Nova Shell: Conversational Infrastructure Control

A shell that takes plain English. Generates the kubectl, terraform, or AWS CLI command, shows the diff, and waits for confirmation. The LLM is the planner; the human is the safety net.

Why a conversational shell

Engineers who run infrastructure spend a lot of their day translating intent to syntax. "I need to scale that deployment" becomes `kubectl scale deployment payments-api --replicas=8 -n production`. "Show me the recent log spike on the orders service" becomes a Datadog query. The translation layer is the cost; the actual decision (scale to 8, query that service) was already made.

Nova Shell removes the translation layer. Type "scale payments-api to 8 replicas" and the shell figures out the namespace from your service map, generates the kubectl command, shows you the resulting diff, and waits for you to click confirm.
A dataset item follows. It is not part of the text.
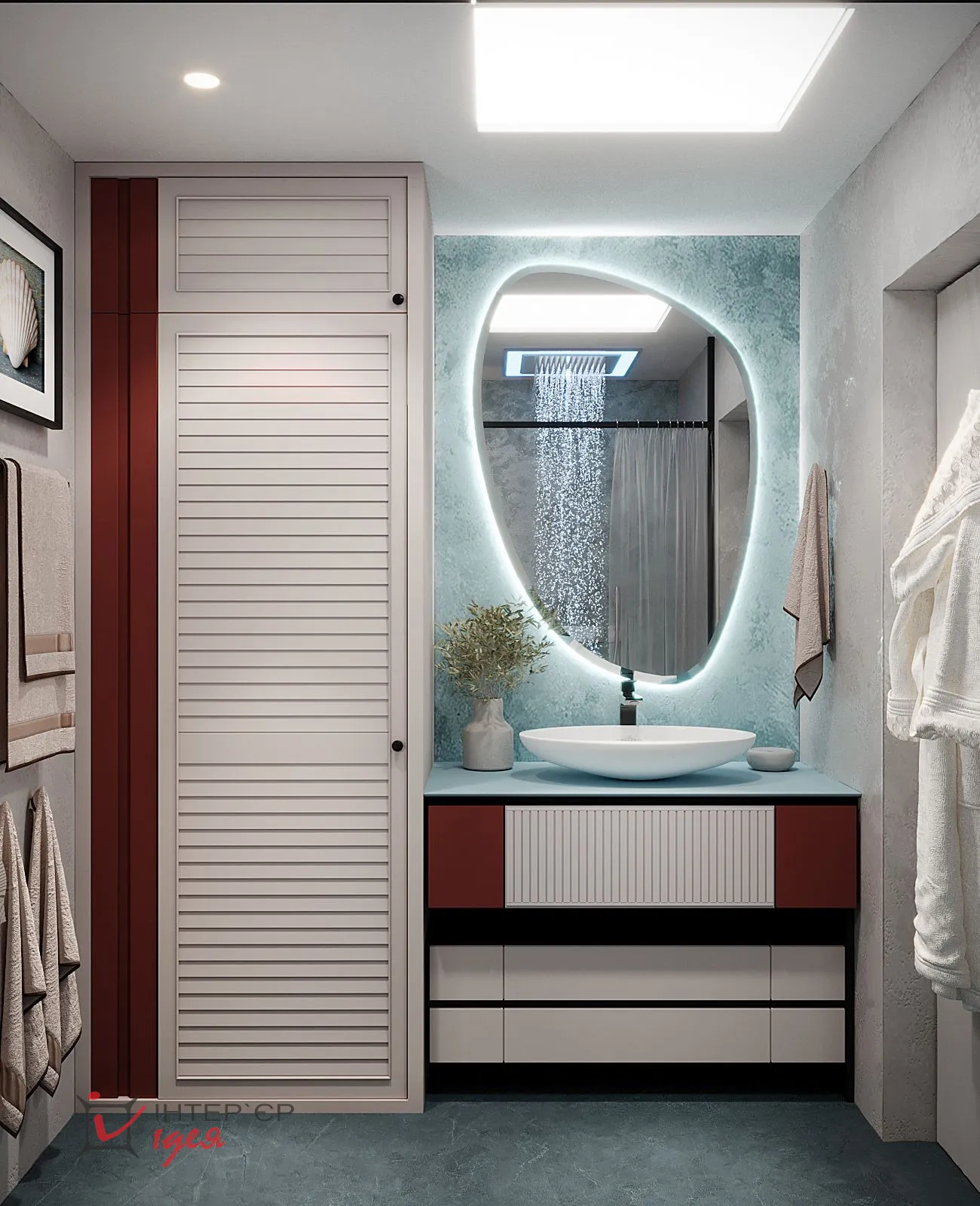 Стіни та підлога в санвузлі виконані мікроцементом пастельних тонів. Ніша для зберігання в душовій кабіні, верхній ящик під умивальником, ніша над інсталяцією та вертикальний фасад висувної сушарки за пеналом із пральною та сушильною машинами пофарбовані у насичений винний колір, який створює контрастні акценти.

For read-only queries, it runs immediately. For writes, you confirm before execution.

This is not a chatbot. The shell is deterministic about what it can do, there's a fixed tool palette, the LLM picks from that palette, the human confirms. The model never invents a command outside the palette; it can fail to find a match (and tell you), but it can't quietly execute something nobody asked for.

The tool palette

The shell has 80+ vetted tools across the major operational surfaces, kubectl, terraform plan/apply, AWS CLI, Azure CLI, gcloud, Datadog query, Prometheus query, Slack message, GitHub create-PR, Jira create-issue, ServiceNow create-ticket, and so on. Each tool has a typed input schema, a description string the LLM uses for selection, and an authorisation check that runs before execution.

The model is given the user's input plus the tool descriptions plus the user's recent context (last 5 actions, current incident if any, current namespace if relevant). It produces a structured plan, which tool, what arguments, what to do with the output. The plan is rendered in the UI as "I'm going to run X, which will do Y. Confirm?"

Tool selection accuracy is 96.4% on our internal evaluation harness, a benchmark of 800 representative SRE intents labelled with the correct tool. The remaining 3.6% are mostly ambiguous inputs where two tools could be reasonable; we surface both options when the model is uncertain.

Diff before run

For write operations, the shell shows what's about to change before running anything. For Kubernetes operations, that's the rendered manifest diff. For Terraform, that's the plan output. For AWS, that's the API call body and the resource it will modify. The diff is rendered with a one-click expand for the full payload.

This is the part that makes the shell safe enough to put in production hands. The LLM might hallucinate a wrong replica count or a wrong namespace; the human looks at the diff, sees that "production" should have been "staging," and clicks cancel. The cost of a wrong command is the time to read the diff, not a fired-shaped incident.

For irreversible operations (database deletions, IAM permission changes, certificate revocation), the shell requires double confirmation, a typed "I understand" followed by the confirm click. Reversible operations (scale up/down, restart pod) require only the single click. The threshold is configurable per tenant.

The audit trail

Every shell interaction is logged in the audit ledger. The natural-language input, the generated command, the diff that was shown, the confirmation timestamp, the user, the IP, the result. This is the same ledger that captures dashboard edits, file transfers, and remediation actions, one source of truth for who did what.

The ledger is queryable. "Show me every shell action by user X in the last week" is a single query. "Show me every Terraform apply against production this quarter" is another. Compliance audits go from "spelunk through three log sources" to "run this query."

The ledger entries are content-addressed and tamper-evident. Each entry includes a hash of the previous entry; modifying an old entry would require regenerating the entire chain, which would be detected by the integrity check that runs nightly. This is the same property the cryptocurrency people get from blockchains, applied to a much smaller and more useful problem.

What we learned about safety

Three things from the first 90 days of production. (1) The diff-before-run pattern is doing real work, users cancel about 4% of write operations after seeing the diff. Without that step, those would be wrong commands executing in production. (2) The confidence threshold matters more than we thought. We initially had the shell auto-execute when model confidence was >95%; we backed off to never-auto-execute-writes after one misdiagnosed namespace. (3) Read operations don't need the same gate, auto-execute reads is fine because they don't change state.

The other thing we learned: users don't always want conversation. About 40% of the time, the user types a command directly (`kubectl get pods -n production`). The shell passes those through as-is, with the same auth and audit rules but without the LLM round-trip. The conversation is the option, not the requirement.

Nova Shell is live in production for all tenants today. Cmd+K from anywhere in the app opens it. The Slack integration ships in v2.7.